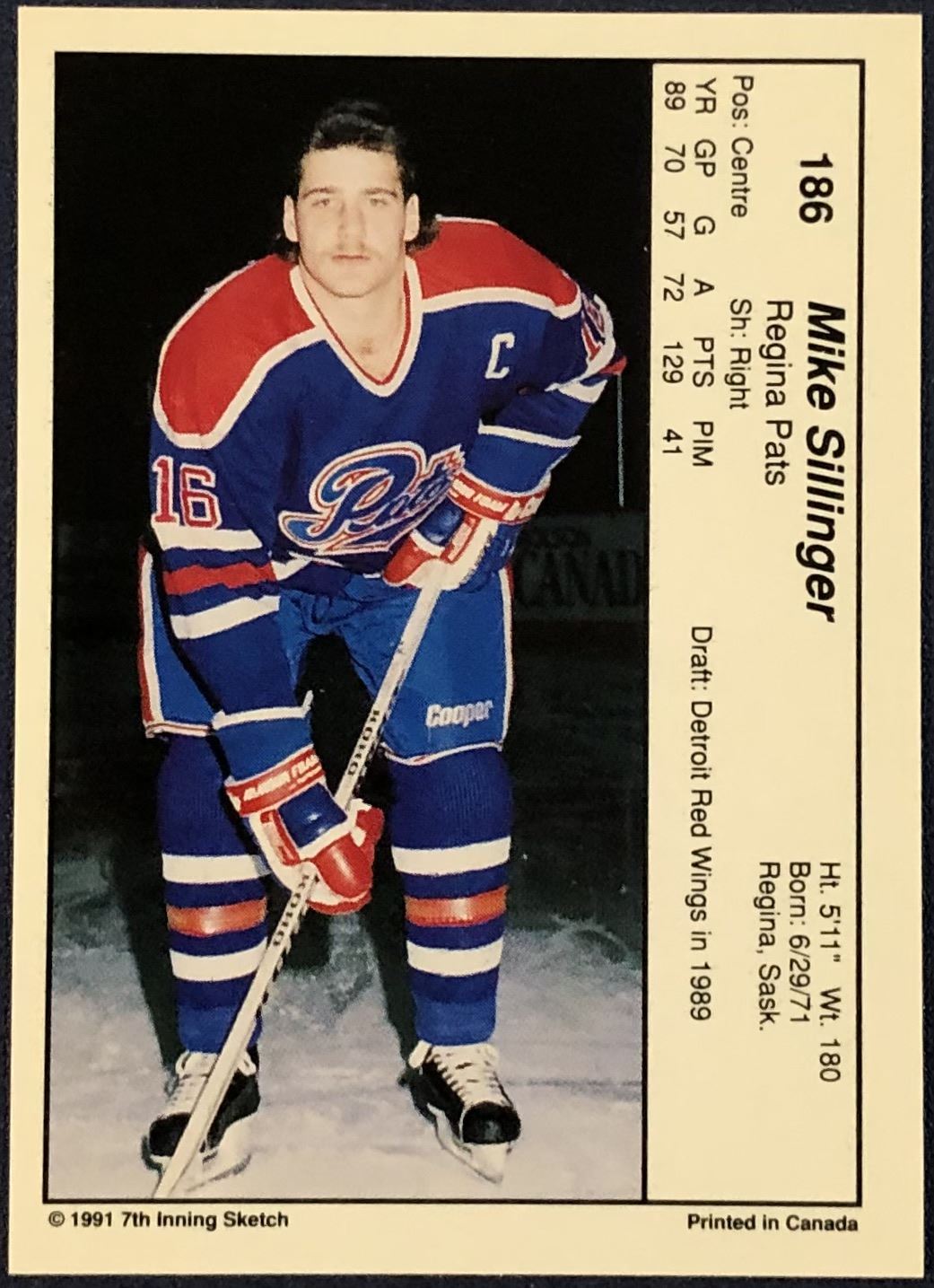 Lot 103 1990-91 7th INNING SKETCH JUNIOR HOCKEY - MIKE SILLINGER ROOKIE CARD
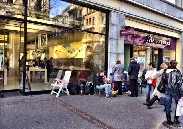 Tại Zurich (Thụy Sĩ), số lượng người xếp hàng trước chờ mua iPad Air rất thưa thớt.
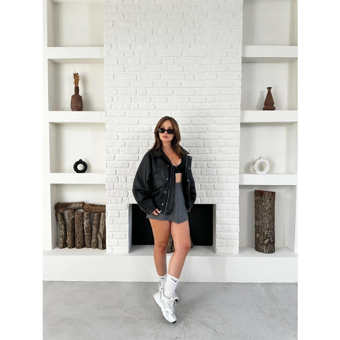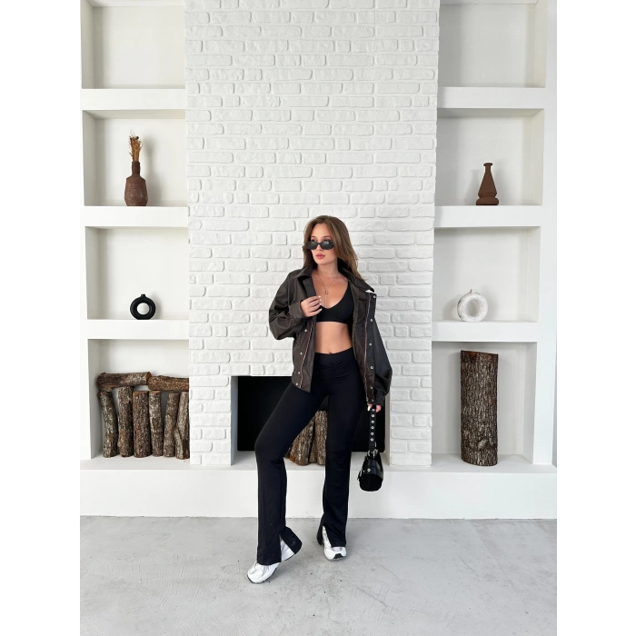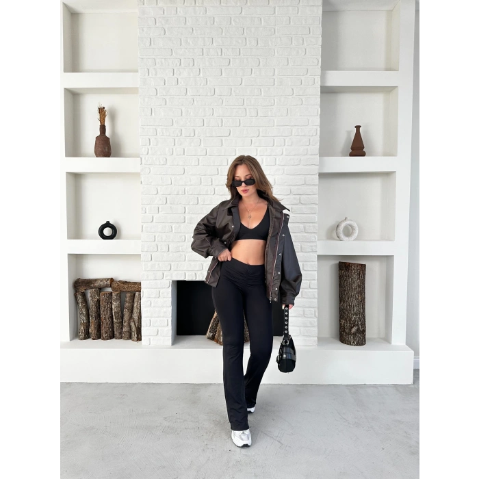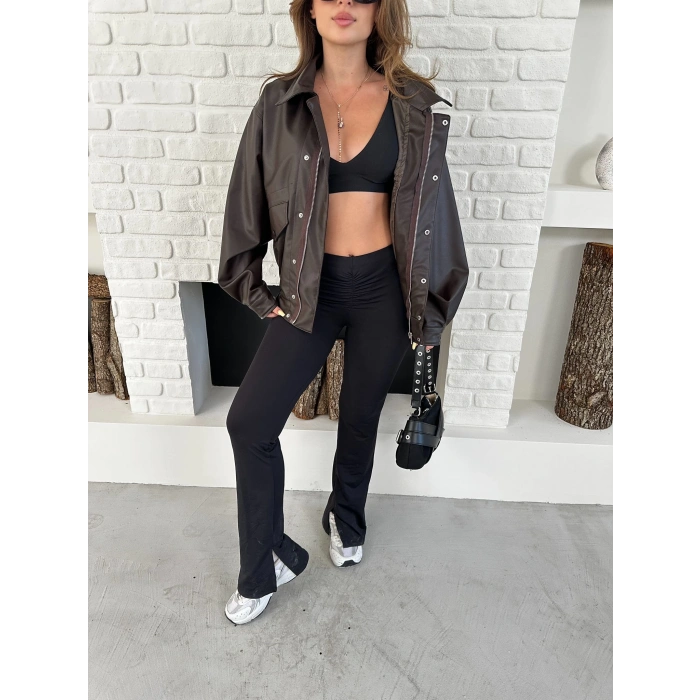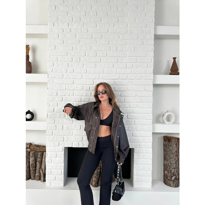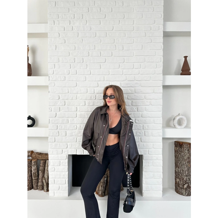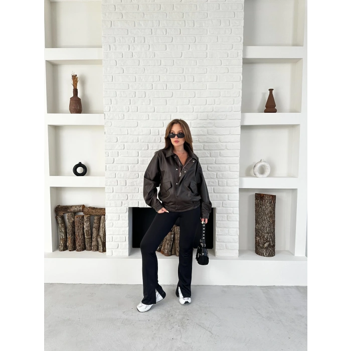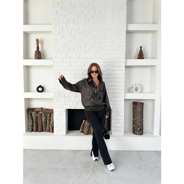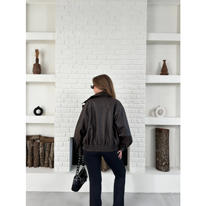 Çıtçıt Detaylı Tasarım Bomber Deri Ceket Kahverengi
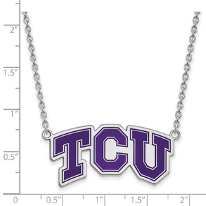 Sterling Silver Texas Christian U Large Enamel Pendant Necklace
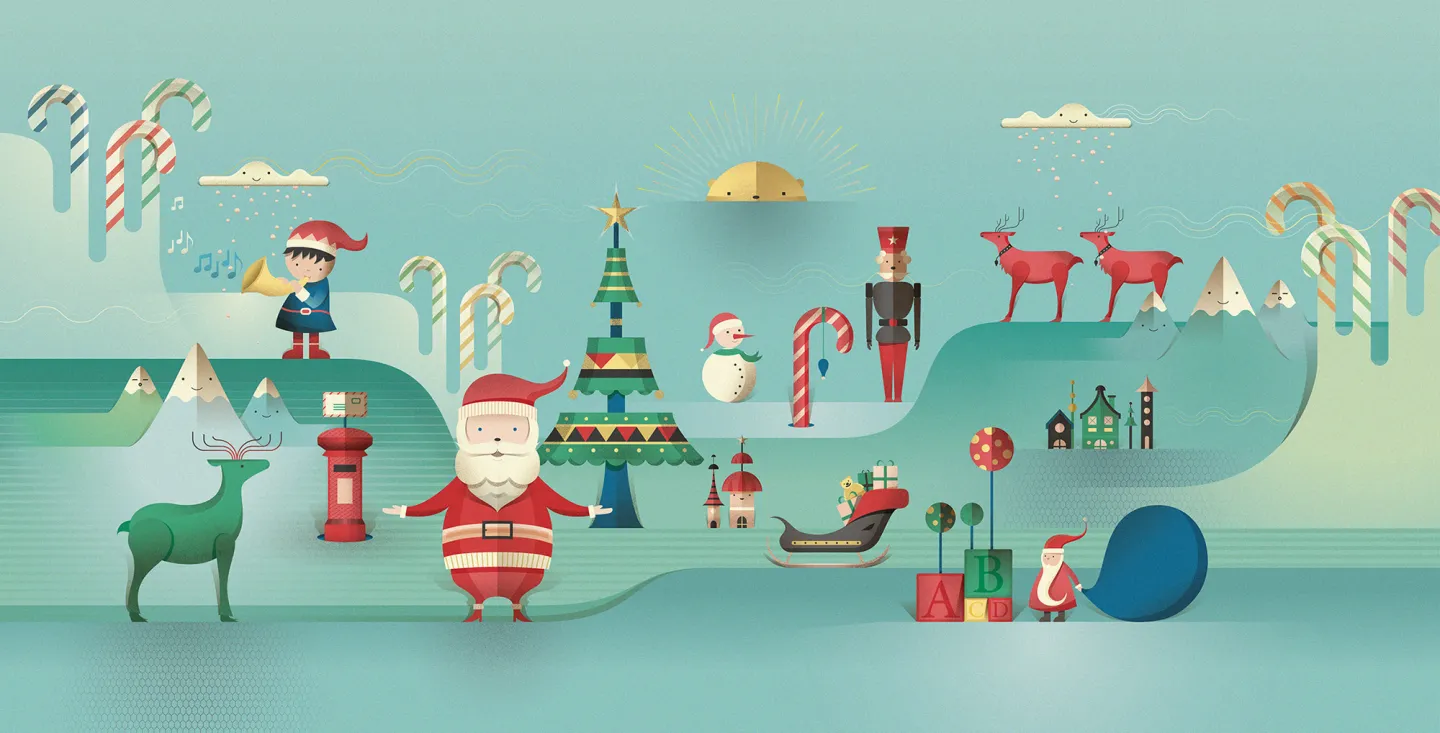 Diseño y dirección de arte de avisos y POP para campañas en todos los Shoppings de Cencosud. Navidad: Ilustración por Tooco.​​​​​​​
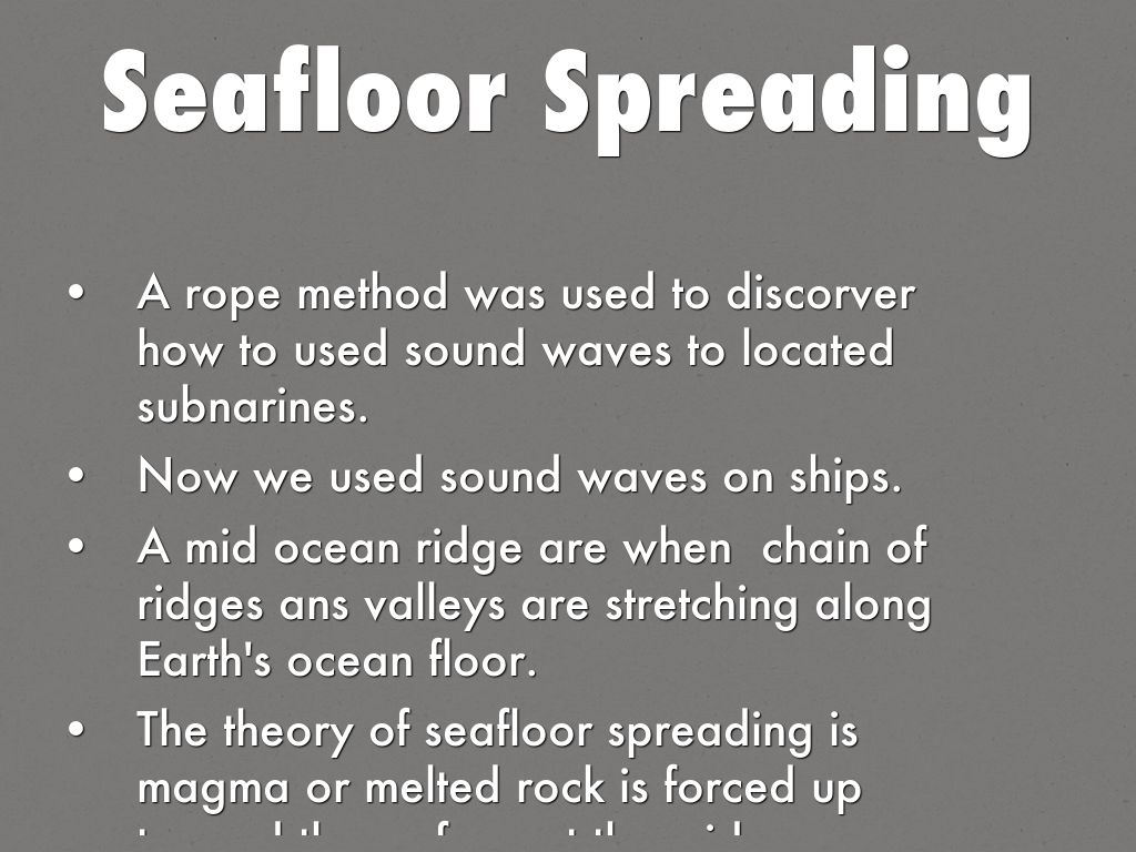 • The theory of seafloor spreading is magma or melted rock is forced up toward the surface at the midocean ridge.
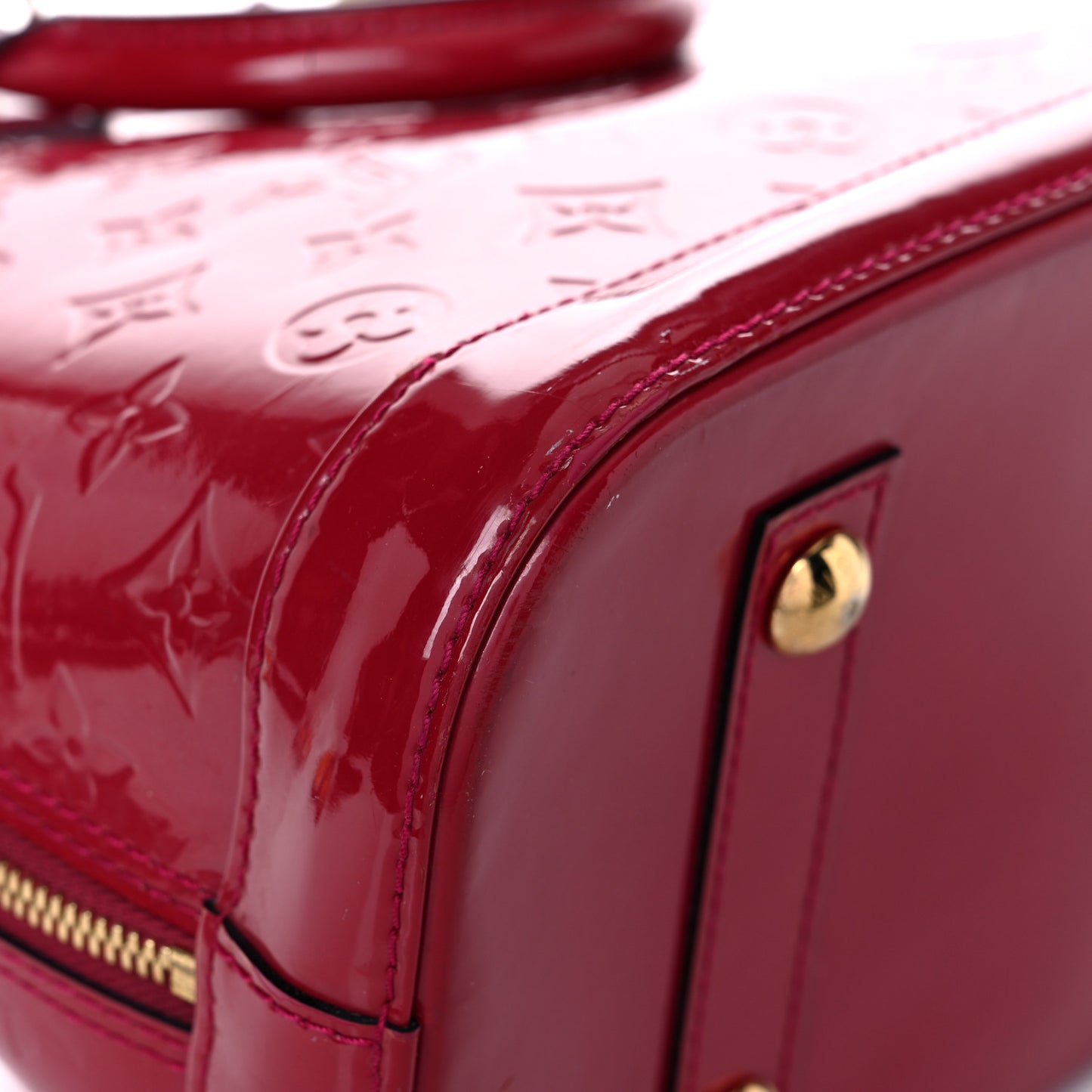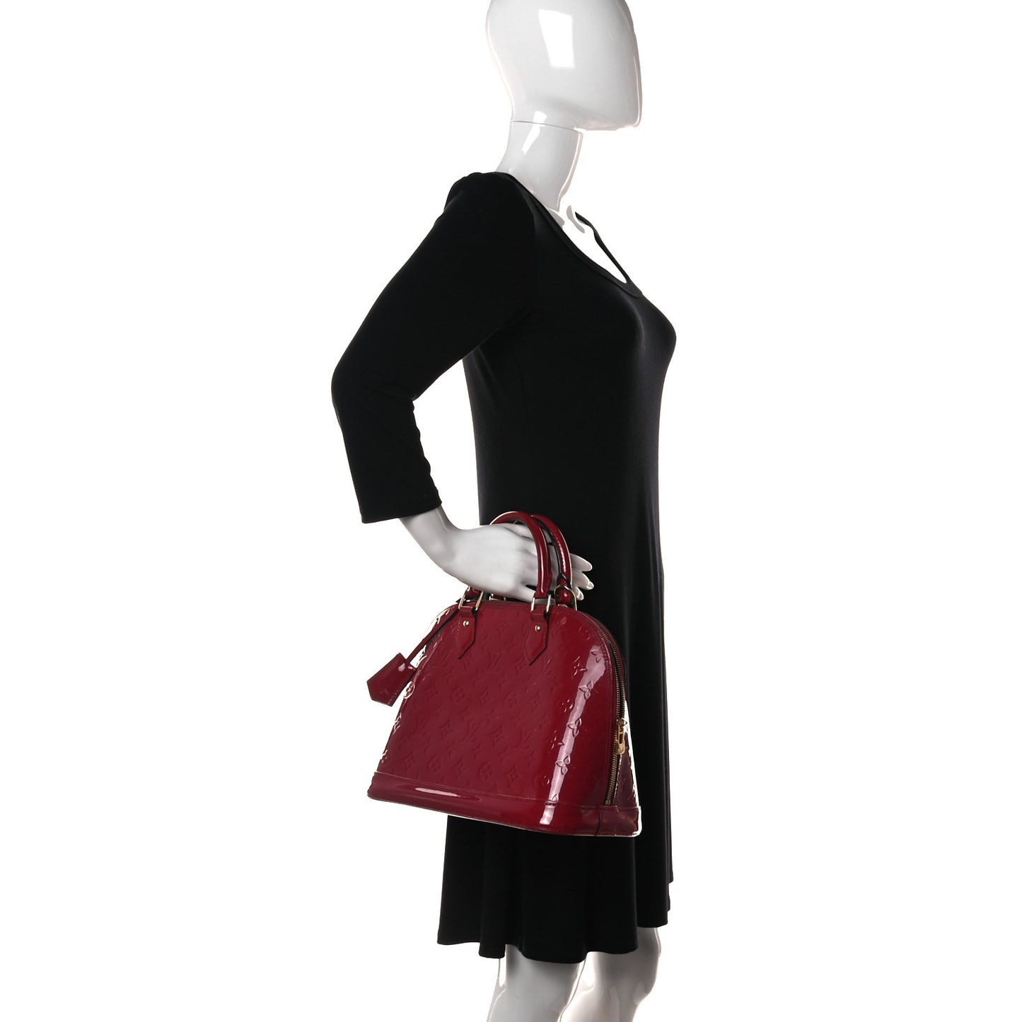 This is an authentic LOUIS VUITTON Vernis Alma PM in Rose Indien. This stunning bowler style tote is crafted of Louis Vuitton monogram embossed Vernis patent leather in dark pink. It features patent leather rolled top handles, smooth patent leather trim on the base, and bottom trim with gold hardware including zippers. This opens to a matching fabric interior with flat pockets.Follow this item for alerts. Louis Vuitton is a registered trademark of Louis Vuitton. FASHIONPHILE is not affiliated with Louis Vuitton.
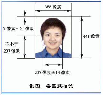 3. 電子版照片尺寸為標準1寸,且為26mm(寬)*32mm(高),臉部寬度(兩耳根之間)為15+1mm;
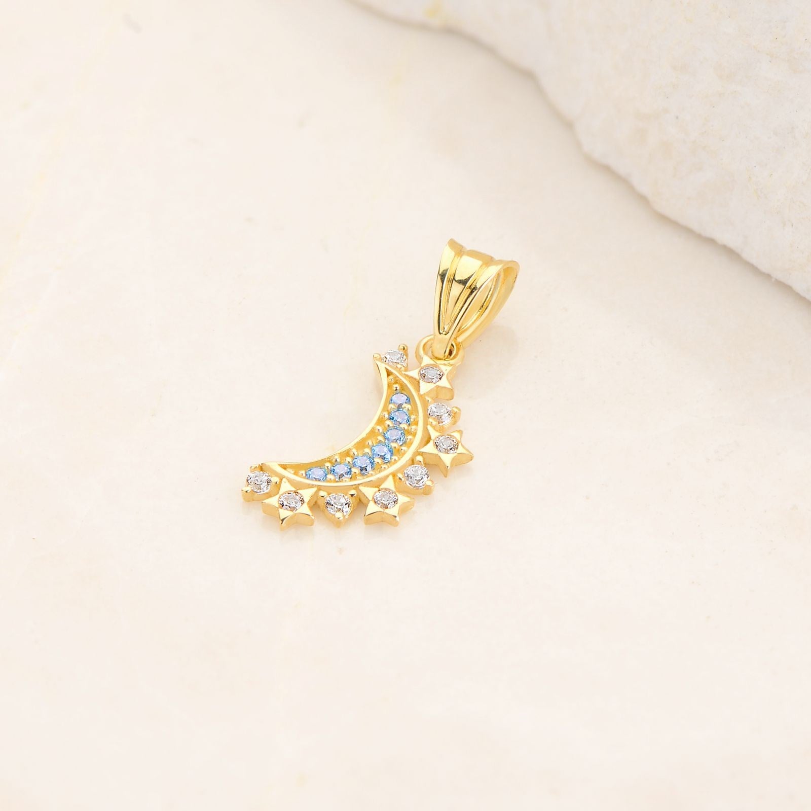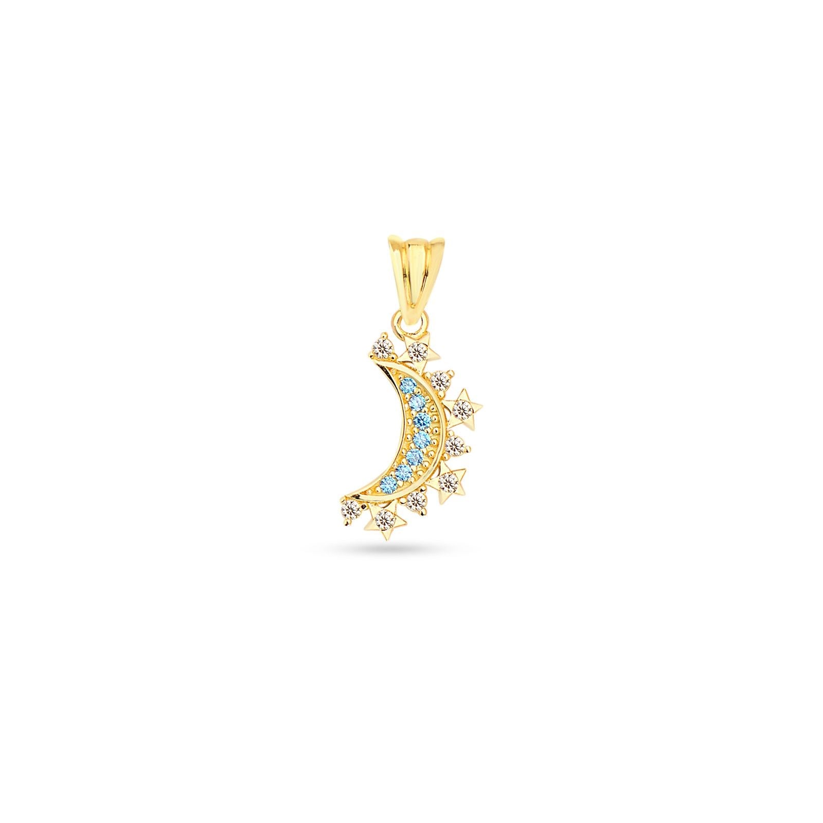 14 Ayar Altın Taşlı Hilal Kolye Ucu

Problem requirements: What's needed is an exact copy of the lines above from the one with "Sterling Silver Texas" through the one with "the midocean ridge.", both included; the pictures stay out.

Written answer:
 Sterling Silver Texas Christian U Large Enamel Pendant Necklace
 Diseño y dirección de arte de avisos y POP para campañas en todos los Shoppings de Cencosud. Navidad: Ilustración por Tooco.​​​​​​​
 • The theory of seafloor spreading is magma or melted rock is forced up toward the surface at the midocean ridge.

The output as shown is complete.